RDD stands for REPL Driven Development.

And REPL recursively stands for the Read-Eval-Print-Loop. The pioneers of RDD might be computers scientists Gerald Jay Sussman and Hal Abelson, as they mention the REPL loop in Ch. 1 of their famous book Structure and Interpretation of Computer Programs.

First, some principles that drive TDD/BDD and “testing”, such as the KISS and DRY principles, have strong influences in RDD too. A REPL provides great feedback to obtain a feeling for the boundaries of your modules, objects and messages. And, if you work with data in JSON, a REPL can support you to explore and improve data structures too.

The problem

Let’s start with the typical problem for RDD. You got some fresh data from several sources that you must insert into some other application, such as the database of a movie festival. Unfortunately, the movie theatres provided you with movies in CSV format (probably from Excel spreadsheets…) . So, you have these tasks:

  • Read the raw CSV data
  • Convert the CSV format into JSON
  • Provide a maximum amount of code reuse

First, you need some raw data in a file ‘movies.csv’:

title;year ;director;genres
The Artist  ;2009;  Hazanavicius;Comedy,Drama
Dead Man Down;2013;Niels Arden Oplev;Action, Crime

So, this is a header line, and 2 rows of data all separated with “;”.

Entering the REPL

Now, let’s start with the nucleus of RDD development: You fire up a REPL console.
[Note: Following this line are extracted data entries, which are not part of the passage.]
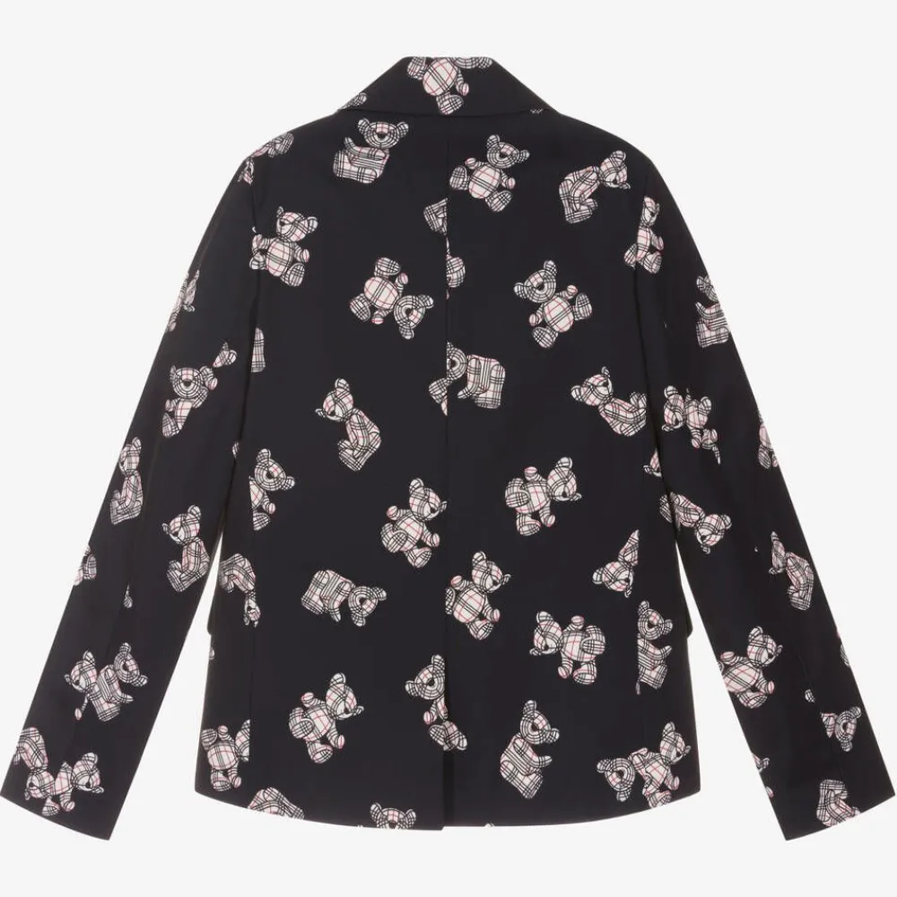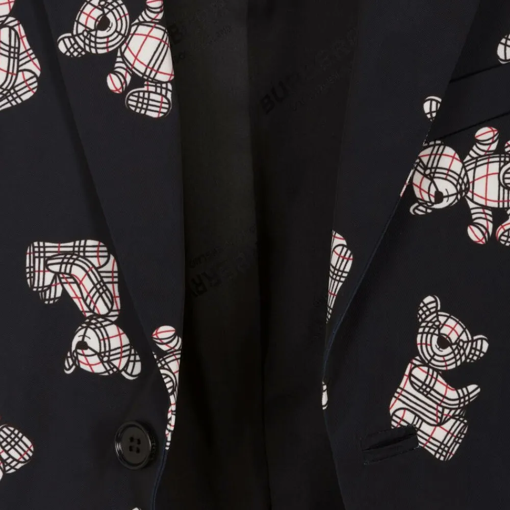 Midnight blue blazer for teen boys from British brand Burberry, patterned all over with the designer's Thomas Bear in red, white and blue for statement style. This smart tailored jacket is made from mid-weight polyester twill with a luxurious feel and is lined in satin with a logo jacquard weave. Single breasted with a vent on the back, it has a chest pocket, front flap pockets and useful interior pockets.
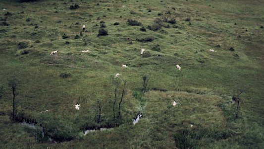 In a single shot the film shows different time-periods and creates a fairytaile atmosphere. A stillife is presented in an outside garden in front of a modern architecture, that has a fake- wooden-outside.fasade-.The paradox longing for feeling adventurous and homely is part of the children-song. (Barbara Filser)
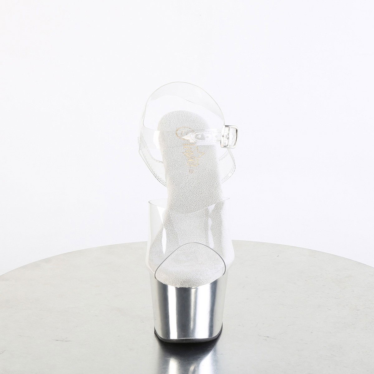 Sandale sexy, senzationale, cu talpa platforma argintie. Papuci de calub, dansatoare
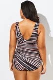 I just received this swimsuit and tried it on right away, it fits perfectly, I'm in love with it. The front is very flattering.FamDoc2 -
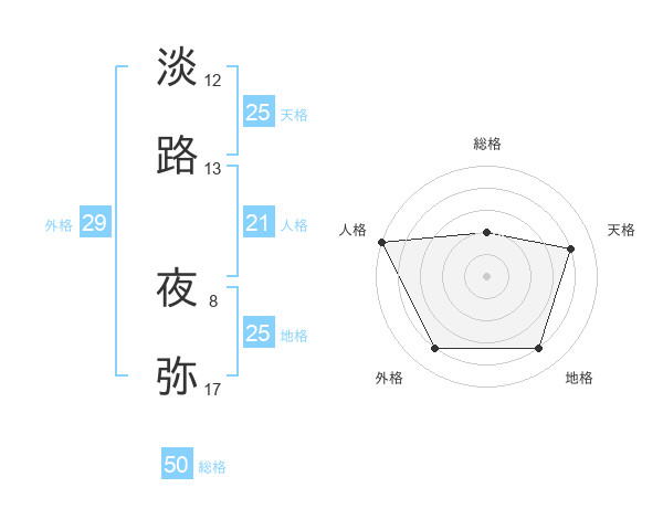 淡路 夜弥さんを姓名の画数から五運を鑑定
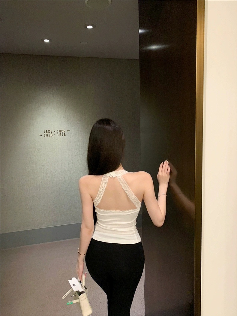 L5309를 한국어로 번역하세요 # 레이스 스플라이싱 홀터넥 핫걸 서스펜더에는 고정 컵 가슴 패드가 내장되어 있으며 슬림핏 아우터웨어 및 이너웨어 쇼트탑스토어 가기
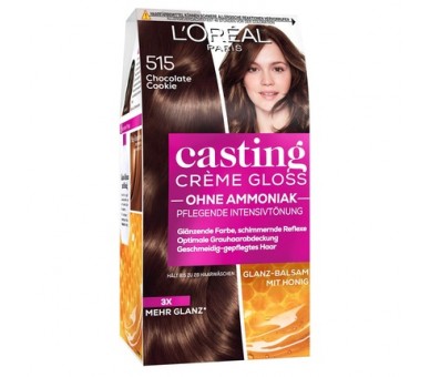 • L'Oréal Paris Ammonia-Free and Silicone-Free Hair Color, Nourishing Intensive Tint with Gloss-Reflex Balm, Casting Crème Gloss Hair Color 515 Chocolate Cookie

For convenience, this example uses a Node console, but it could be the REPL of Ruby, CoffeeScript, Python, Elixir, …

So, you type:

$ node

To load a file from the file system, you need some kind of library that deals with IO. In Node, this is ‘fs’ module, and you can require it as follows:

> fs = require('fs')

Hmm…. now, how to read that movies.csv file? Is it “fs.load…”, “fs.read..”, “fs.readStream”, … ? Good question. The Node REPL can provide some hints if you type:

> fs
{ Stats: [Function],
  exists: [Function],
  existsSync: [Function],
  readFile: [Function]
  ...

In about the 4th line, you see “readFile”. That one looks promising. The Node REPL unfortunately does not have direct support for documentation (but other REPLs have). So, to see how to use “fs.readFile”, you can visit the docs on the fs module.

As it turns out, you can call ‘readFile’ as follows:

> fs.readFile('./movies.csv', function(e, data) {
... console.log(data);
... })
undefined

And what the REPL will say is:

 > <Buffer 74 69 74 6c 65 3b ...>

Ok, this looks like data. You would have expected some string in a human readable form, wouldn’t you? The REPL says you got a Buffer. OK, keep calm.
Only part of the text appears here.